- **YOUR OBJECTIVE**
Repeat every record exactly, but omit the images.

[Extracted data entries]
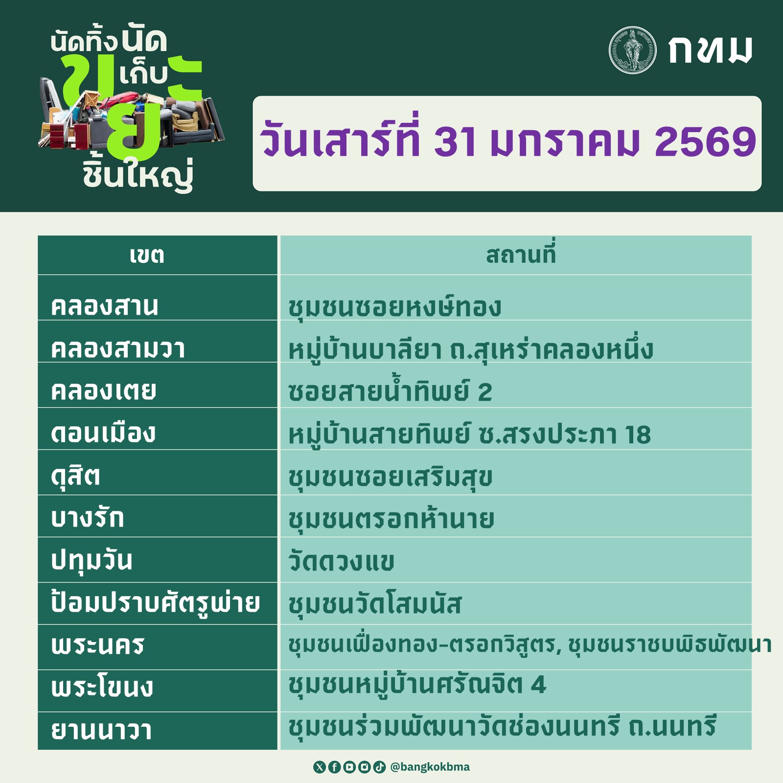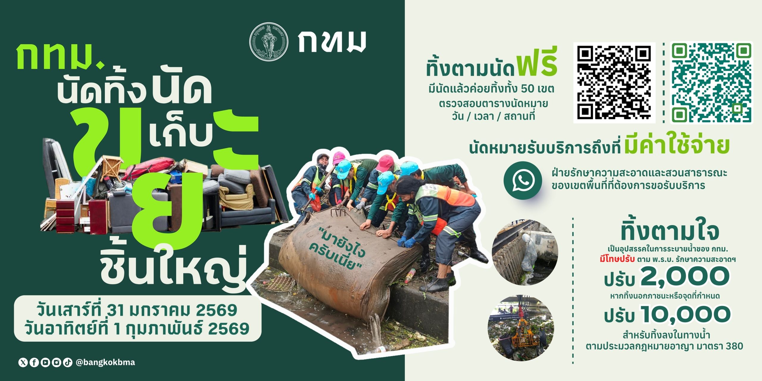 กรุงเทพมหานคร นัดทิ้ง นัดเก็บ ขยะชิ้นใหญ่ ในวันเสาร์ที่ 31 มกราคม 2569 และวันอาทิตย์ที่ 1 กุมภาพันธ์ 2569 ตั้งแต่เวลา 09.00 – 12.00 น. ทุกสำนักงานเขตให้บริการฟรี โดยไม่มีค่าใช้จ่าย ขอความร่วมมือนำขยะชิ้นใหญ่และสิ่งของเหลือใช้ออกมาทิ้ง ณ บริเวณจุดพักขยะหน้าบ้านพักอาศัยก่อนเวลา 08.30 น.
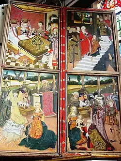 Auf der Innenseite befindet sich ein doppelzeiliger Zyklus, der die Annenlegende Marias darstellt. Der Maler ist auch hier unbekannt, doch fällt das Werk durch die reichhaltige Verwendung von Brokat und unterschiedlichen Granatapfelmotiven auf. Im Bild oben links ist die Verkündigung des Engels an Joachim zu sehen. Er erfährt, dass er nicht länger kinderlos bleiben wird. Die 40 Tage seiner Buße, die er in der Wüste bei einer Herde verbracht hat, sind damit vorbei. Im Hintergrund ist ein Hirte zu sehen, der Dudelsack spielt. Auffallend ist auch der blaue Himmel. Joachim kehrte nun nach Jerusalem zurück und umarmt seine Frau Anna vor dem Eingang der Goldenen Pforte, dem Tempel der Stadt. In der Ferne jagt ein Hund einen Hasen. Das darauffolgende Bild zeigt Anna im Wochenbett in einer prächtigen Kulisse mit edel bespannten Wänden und einer Magd, die gerade die Wäsche macht. Das letzte Gemälde der oberen Zeile zeigt, wie Maria die Stufen zum Tempel hinaufschreitet. Sie wird von einem Priester empfangen, während ihre Eltern Joachim und Anna am Aufgang stehen bleiben.
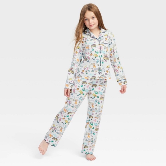 Girls' Roadtrip Long Sleeves and Pants Pajama Set Blue/Yellow/Pink
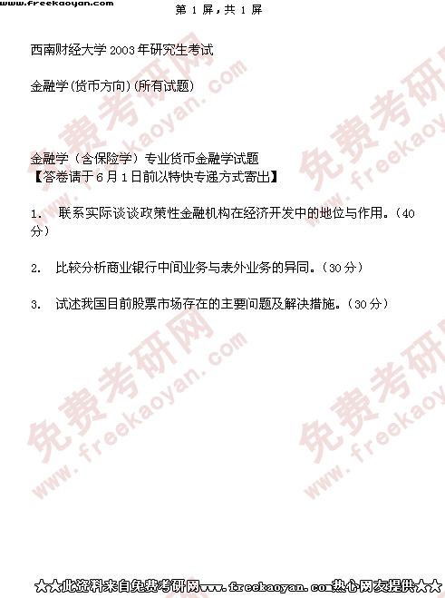 西南财经大学2003年半岛在线注册真题-金融学(货币方向)(所有试题)
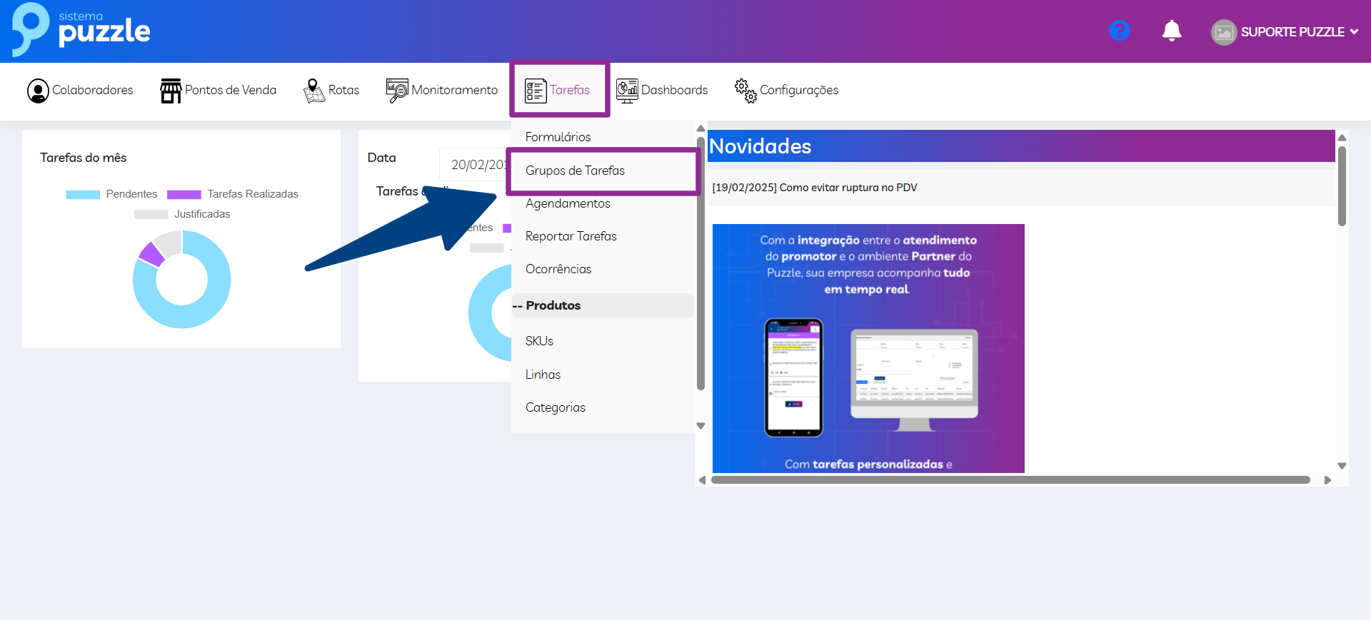 Clique em Tarefas;
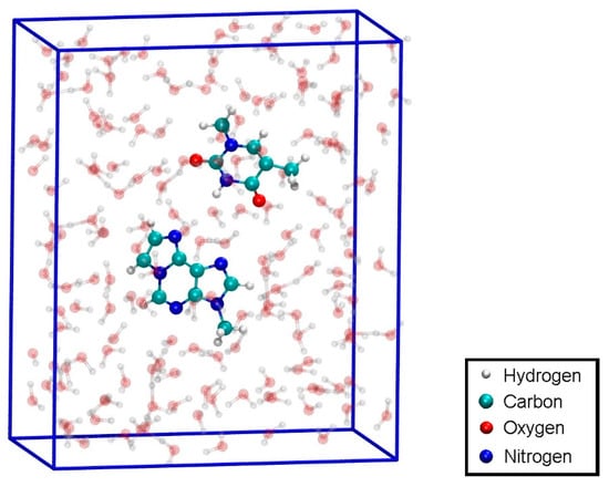 To have access to an all-QM calculation, the isolated modified base pair without Hg (Figure 1b) was solvated by 168 water molecules (Figure 11). The computational details are given in Section 2.3. The force field allowed for a 150 ps NPT equilibration simulation of the solvated base pair. This resulted in a unit cell of size 11.2 Å × 24.2 Å × 20.4 Å, corresponding to a density of 1037 kg/m3. This geometry will be referred to as structure 4.

- **TASK OUTPUT**
 กรุงเทพมหานคร นัดทิ้ง นัดเก็บ ขยะชิ้นใหญ่ ในวันเสาร์ที่ 31 มกราคม 2569 และวันอาทิตย์ที่ 1 กุมภาพันธ์ 2569 ตั้งแต่เวลา 09.00 – 12.00 น. ทุกสำนักงานเขตให้บริการฟรี โดยไม่มีค่าใช้จ่าย ขอความร่วมมือนำขยะชิ้นใหญ่และสิ่งของเหลือใช้ออกมาทิ้ง ณ บริเวณจุดพักขยะหน้าบ้านพักอาศัยก่อนเวลา 08.30 น.
 Auf der Innenseite befindet sich ein doppelzeiliger Zyklus, der die Annenlegende Marias darstellt. Der Maler ist auch hier unbekannt, doch fällt das Werk durch die reichhaltige Verwendung von Brokat und unterschiedlichen Granatapfelmotiven auf. Im Bild oben links ist die Verkündigung des Engels an Joachim zu sehen. Er erfährt, dass er nicht länger kinderlos bleiben wird. Die 40 Tage seiner Buße, die er in der Wüste bei einer Herde verbracht hat, sind damit vorbei. Im Hintergrund ist ein Hirte zu sehen, der Dudelsack spielt. Auffallend ist auch der blaue Himmel. Joachim kehrte nun nach Jerusalem zurück und umarmt seine Frau Anna vor dem Eingang der Goldenen Pforte, dem Tempel der Stadt. In der Ferne jagt ein Hund einen Hasen. Das darauffolgende Bild zeigt Anna im Wochenbett in einer prächtigen Kulisse mit edel bespannten Wänden und einer Magd, die gerade die Wäsche macht. Das letzte Gemälde der oberen Zeile zeigt, wie Maria die Stufen zum Tempel hinaufschreitet. Sie wird von einem Priester empfangen, während ihre Eltern Joachim und Anna am Aufgang stehen bleiben.
 Girls' Roadtrip Long Sleeves and Pants Pajama Set Blue/Yellow/Pink
 西南财经大学2003年半岛在线注册真题-金融学(货币方向)(所有试题)
 Clique em Tarefas;
 To have access to an all-QM calculation, the isolated modified base pair without Hg (Figure 1b) was solvated by 168 water molecules (Figure 11). The computational details are given in Section 2.3. The force field allowed for a 150 ps NPT equilibration simulation of the solvated base pair. This resulted in a unit cell of size 11.2 Å × 24.2 Å × 20.4 Å, corresponding to a density of 1037 kg/m3. This geometry will be referred to as structure 4.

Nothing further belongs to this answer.